DATASET EXTRACT Block Start

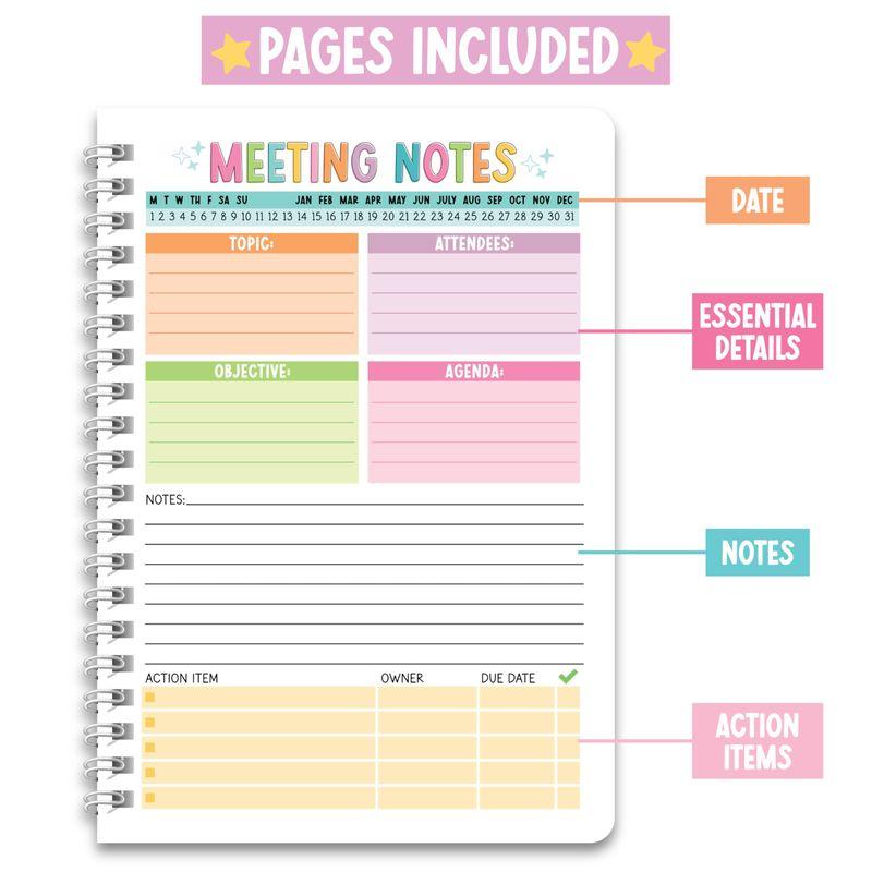 Bring clarity to every meeting with this work to-do list notebook. It's an organized notebook, notetaking notebook, corporate work planner, task list notebook, manager planner, project organizer, daily notes notebook, work agenda, work notes organizer, and more.
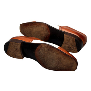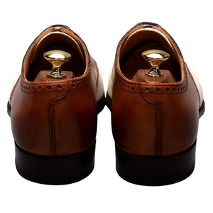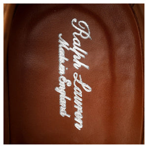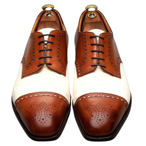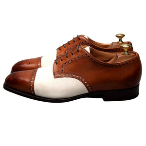 Edward Green manufactured for Ralph Lauren Purple Label cap toe derby in tan brown calf and white suede. In excellent used condition.
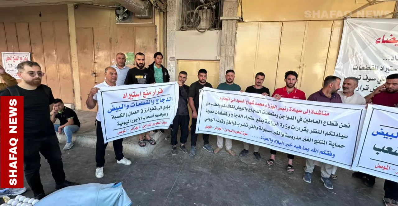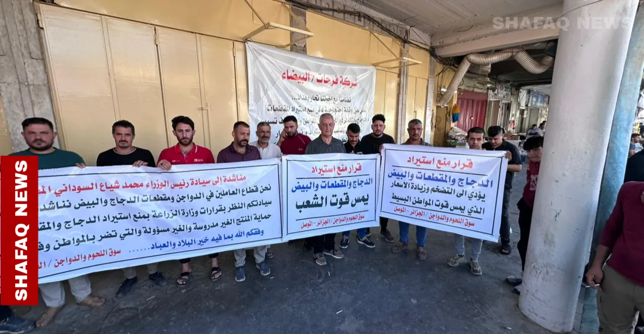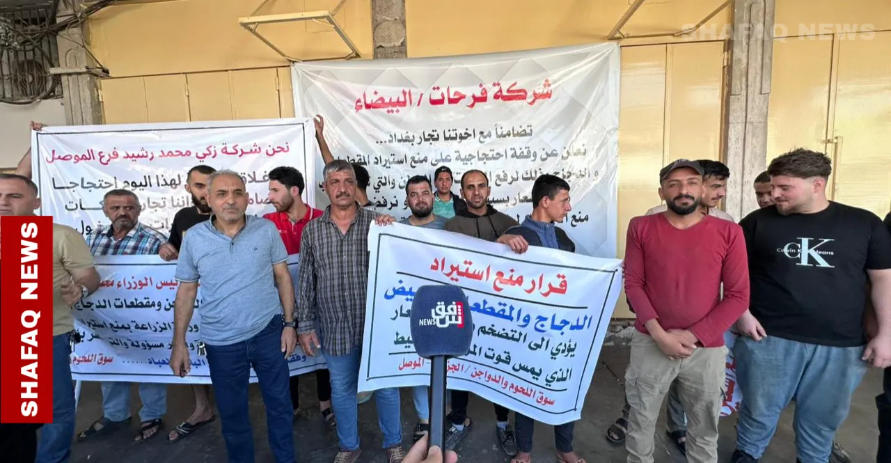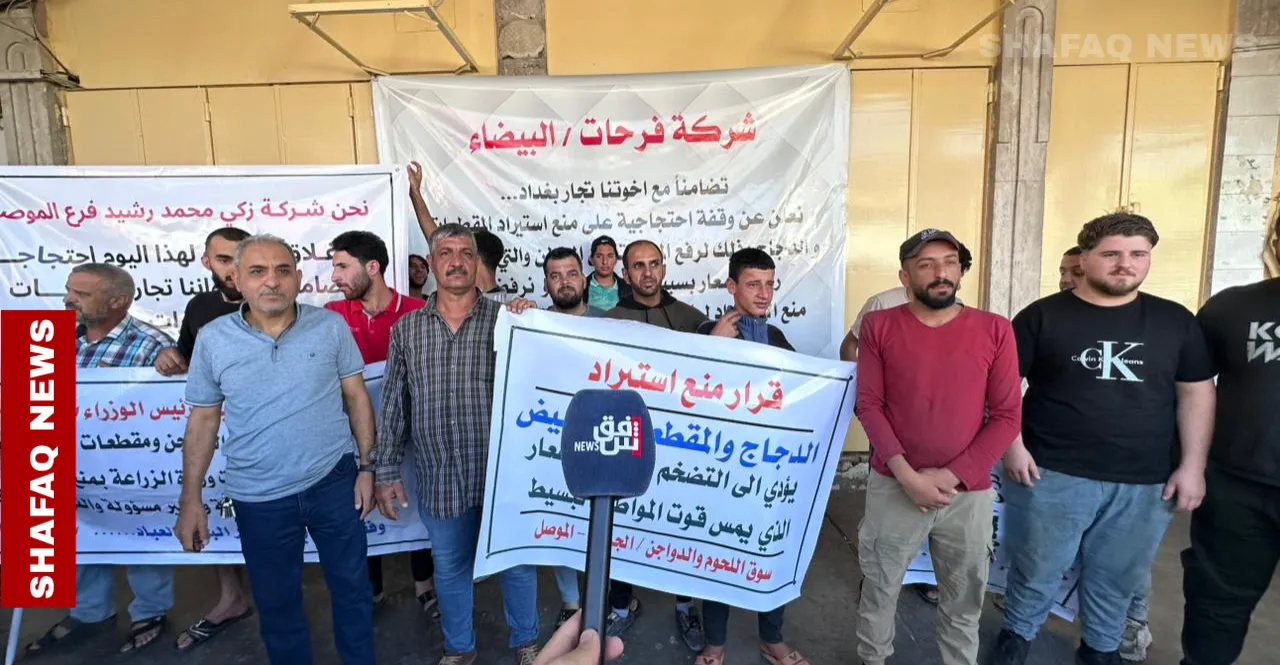 نظّم عشرات التجار في مدينة الموصل، يوم الأحد، وقفة احتجاجية في حي الجزائر بالجانب الأيسر، رفضاً لقرار وزارة الزراعة القاضي بمنع استيراد اللحوم إلى العراق.

DATASET EXTRACT Block End

WHAT IS NEEDED
Your answer must contain the full data, repeated exactly, without pictures.

OUTPUT
 Bring clarity to every meeting with this work to-do list notebook. It's an organized notebook, notetaking notebook, corporate work planner, task list notebook, manager planner, project organizer, daily notes notebook, work agenda, work notes organizer, and more.
 Edward Green manufactured for Ralph Lauren Purple Label cap toe derby in tan brown calf and white suede. In excellent used condition.
 نظّم عشرات التجار في مدينة الموصل، يوم الأحد، وقفة احتجاجية في حي الجزائر بالجانب الأيسر، رفضاً لقرار وزارة الزراعة القاضي بمنع استيراد اللحوم إلى العراق.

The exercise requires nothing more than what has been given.